As we prepared my daughter for brain surgery eight years ago, Carson was right to tell me not to worry about insurance. No one should worry about cost when a child’s life is on the line. Indeed, that was the whole point of the ACA, which Carson and his rivals pledge to undo.
Because parents do worry. It gnaws away at them even when, like we do, they have impeccable health-care coverage. They worry because luck is slippery; tumors can, and do, grow back, and parents lose their jobs and insurance. Bankruptcy looms in the hallways of every emergency room in the country.
The price for my daughter’s four-day stay at Johns Hopkins in 2007 was $20,000, and with doctors’ fees and other costs, the total bill topped $80,000. We were lucky to have insurance that covered it all but a $250 co-payment.
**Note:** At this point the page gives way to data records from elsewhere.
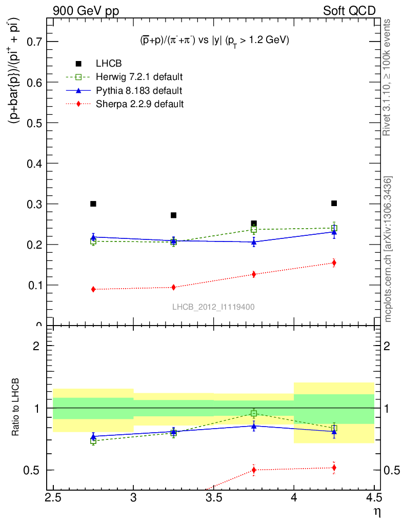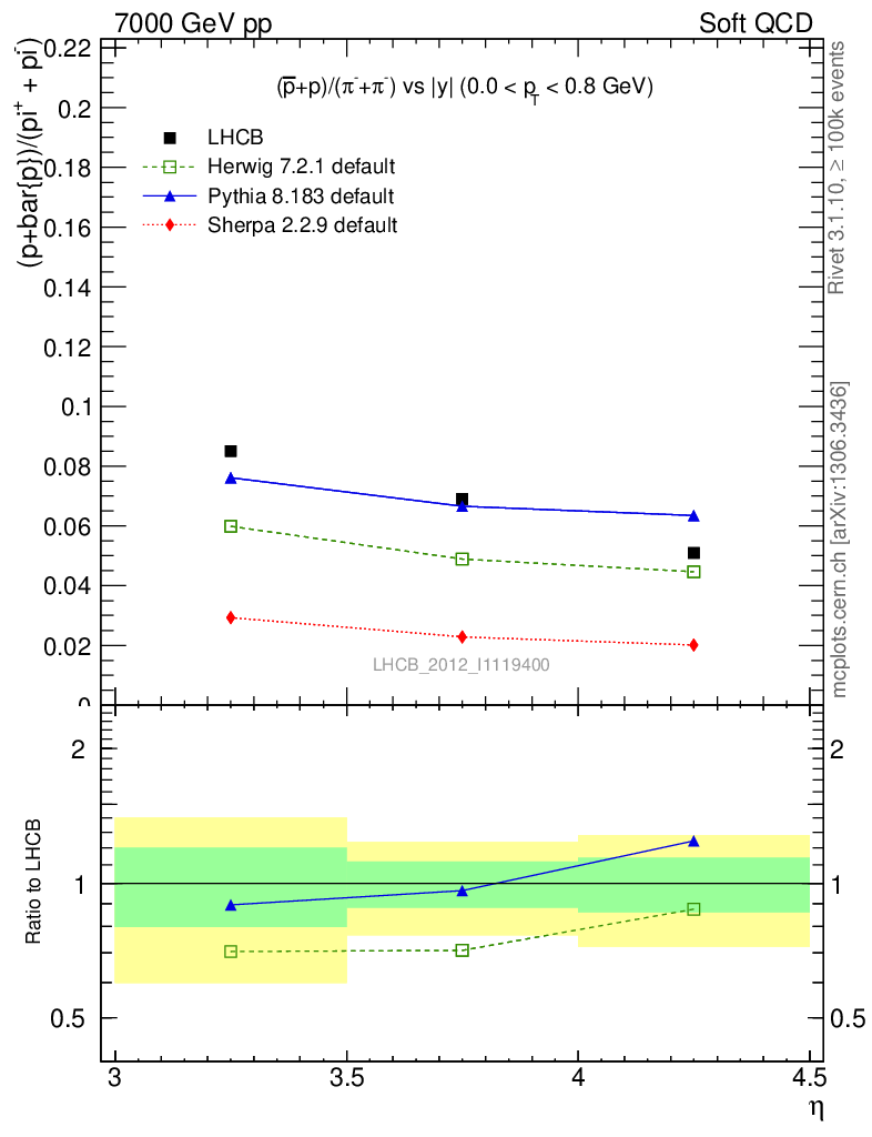 Soft QCD (inelastic) : Identified Particles : Ratios : (pbar+p)/(π-+π+) vs |y|
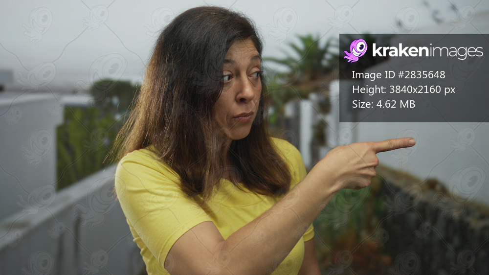 Woman in yellow shirt points index finger sharply along a white building wall outdoors on a balcony walkway to guide focus; command.
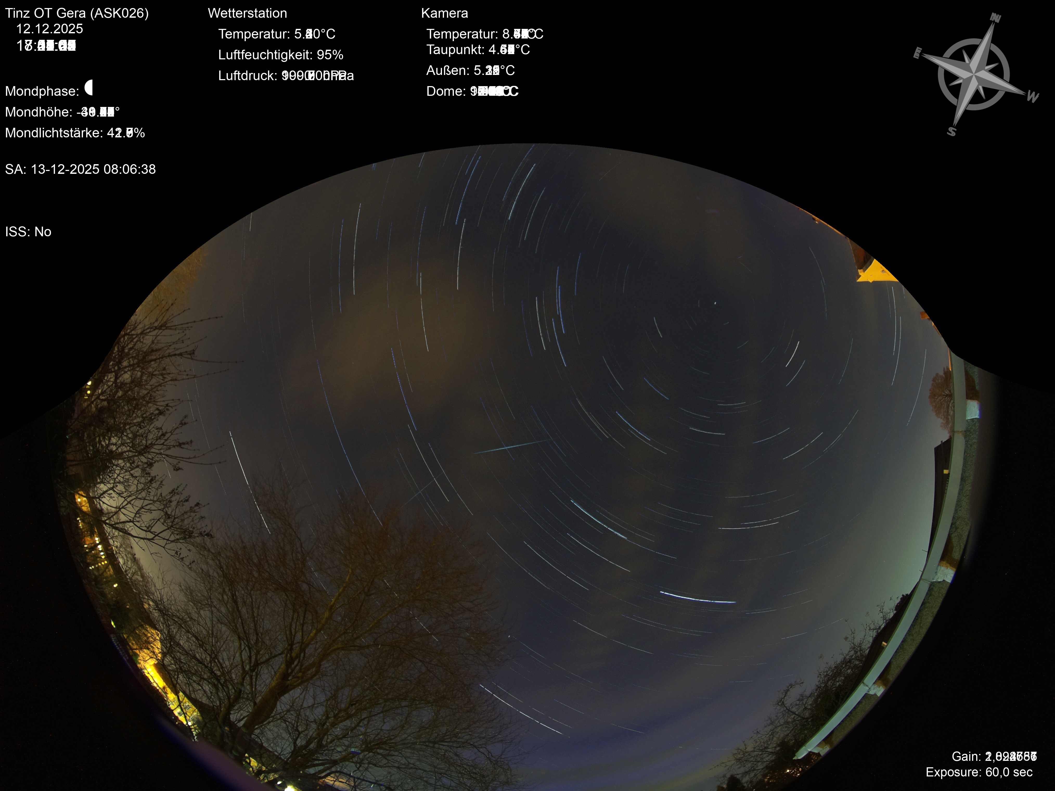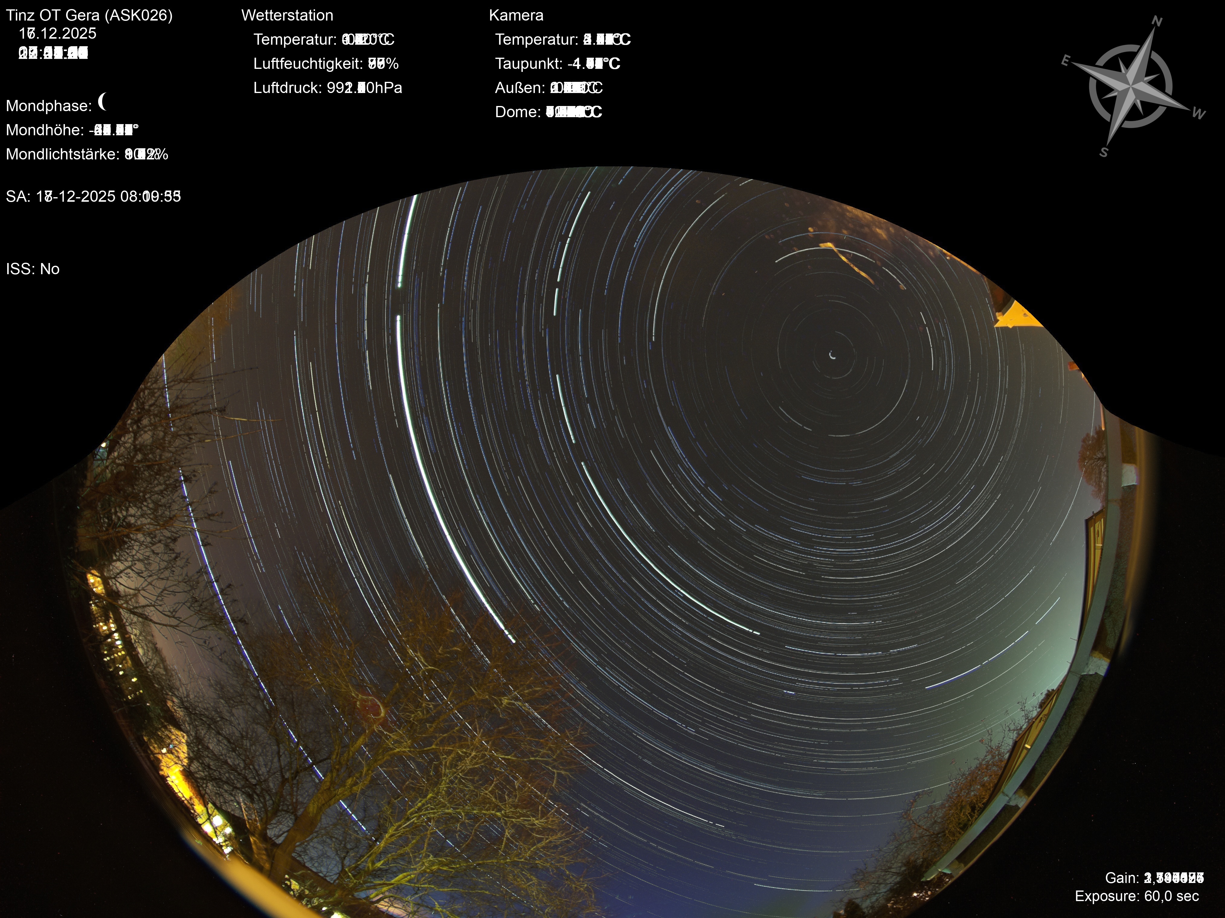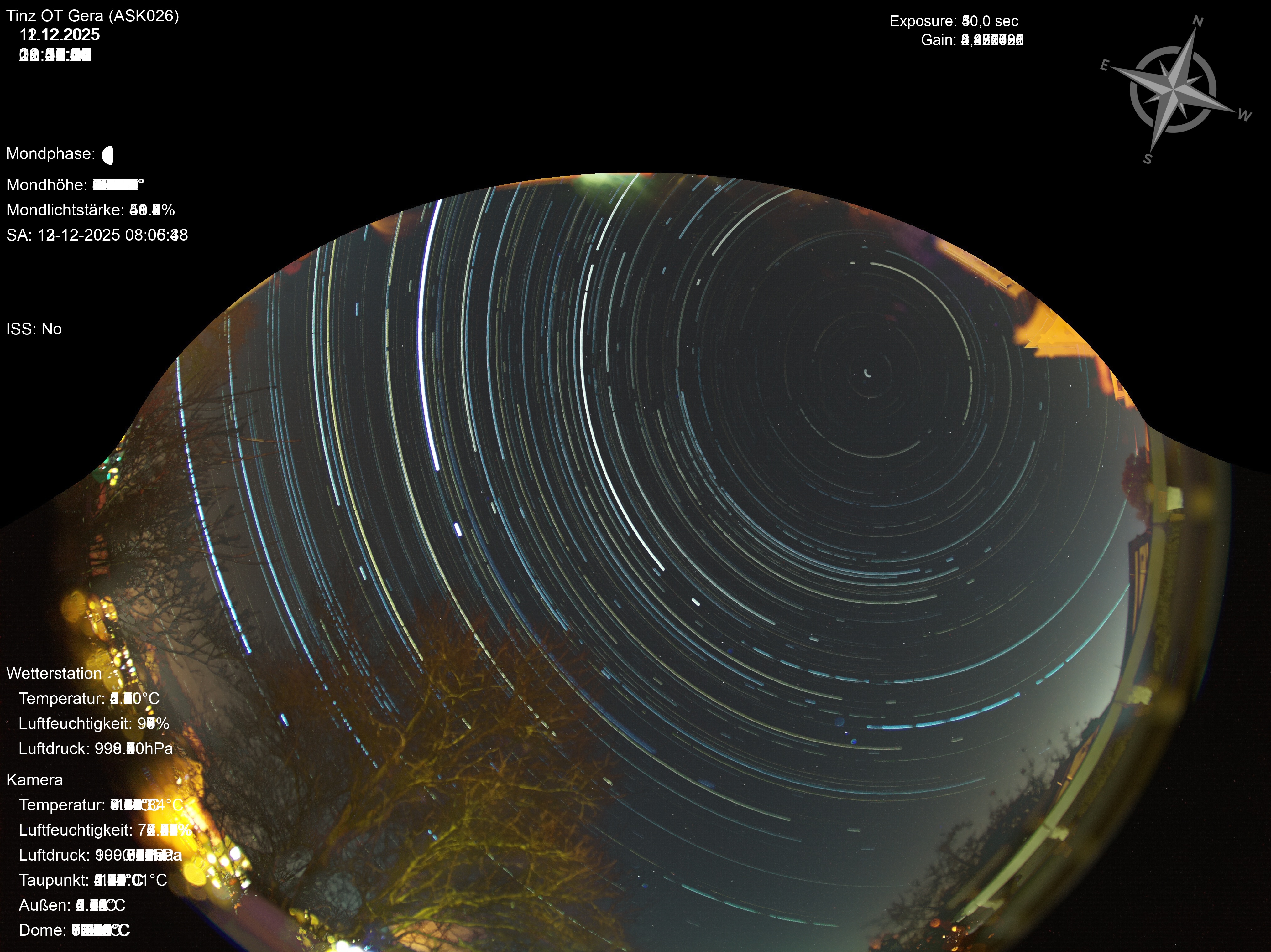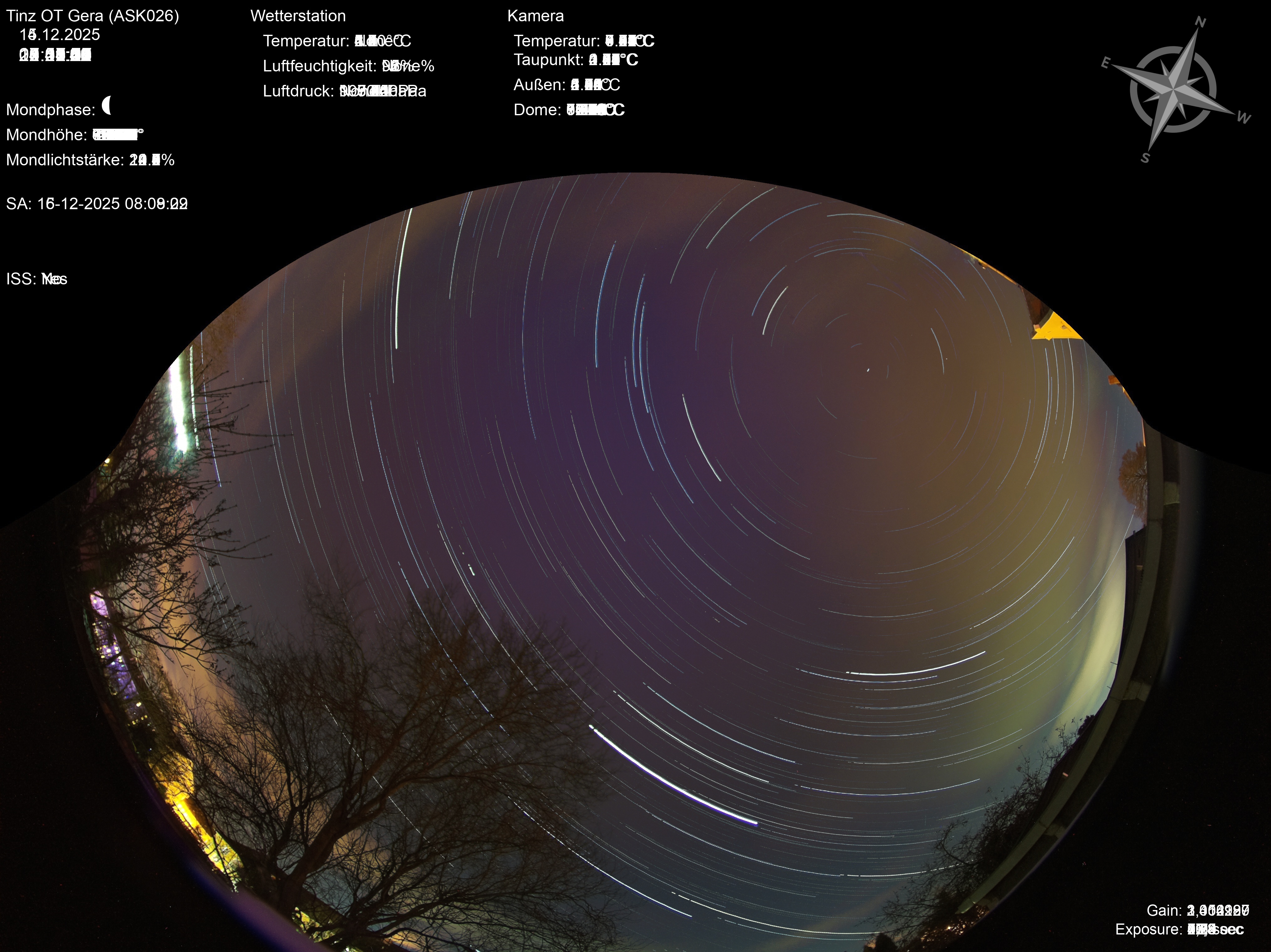 | Datum | 🎥 Video | 📈 Keogram | 🌃 SQM | 🌌 Startrails |

But it shouldn’t be about luck.
My daughter is 19 now and healthy. Under President Carson, would she have the same protections as an adult that she was fortunate to have as a child? Probably not. If the ACA were repealed, she wouldn’t be able to stay on our employer-backed insurance through her 26th birthday. We would probably forgo her biannual MRIs if we had to pay the full cost while also paying for college. With the repeal of the mandate, insurance for someone with her medical history would be pricey for an entry-level adult — if available at all.
If the ACA were repealed, our national health-care policy would again be based on the medical lottery.
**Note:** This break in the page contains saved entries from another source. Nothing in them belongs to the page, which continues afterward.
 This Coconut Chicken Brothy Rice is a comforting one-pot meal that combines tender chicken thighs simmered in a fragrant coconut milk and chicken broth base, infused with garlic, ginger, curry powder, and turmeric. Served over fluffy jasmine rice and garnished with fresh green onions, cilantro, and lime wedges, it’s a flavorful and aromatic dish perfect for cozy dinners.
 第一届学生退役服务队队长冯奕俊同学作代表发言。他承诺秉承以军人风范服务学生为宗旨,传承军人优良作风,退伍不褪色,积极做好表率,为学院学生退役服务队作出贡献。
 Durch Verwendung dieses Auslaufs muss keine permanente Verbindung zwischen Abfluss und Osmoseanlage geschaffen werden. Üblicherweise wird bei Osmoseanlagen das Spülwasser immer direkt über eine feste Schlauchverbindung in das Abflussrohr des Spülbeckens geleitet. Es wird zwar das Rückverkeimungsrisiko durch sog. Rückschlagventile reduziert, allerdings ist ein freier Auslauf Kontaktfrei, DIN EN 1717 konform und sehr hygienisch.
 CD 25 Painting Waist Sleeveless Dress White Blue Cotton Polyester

If Carson could have actually heard me on that robo-call, I’d have loved the opportunity to finish my question from years back: “What if insurance doesn’t cover her preexisting condition? What are you going to do, ‘for heaven’s sake,’ to make sure luck — good or bad — does not make her health-care choices for her?”
But more than anything, if I had him on the phone today, I would remind Carson that we still, to this day, thank God for sending him to us. And we also thank God for Obamacare.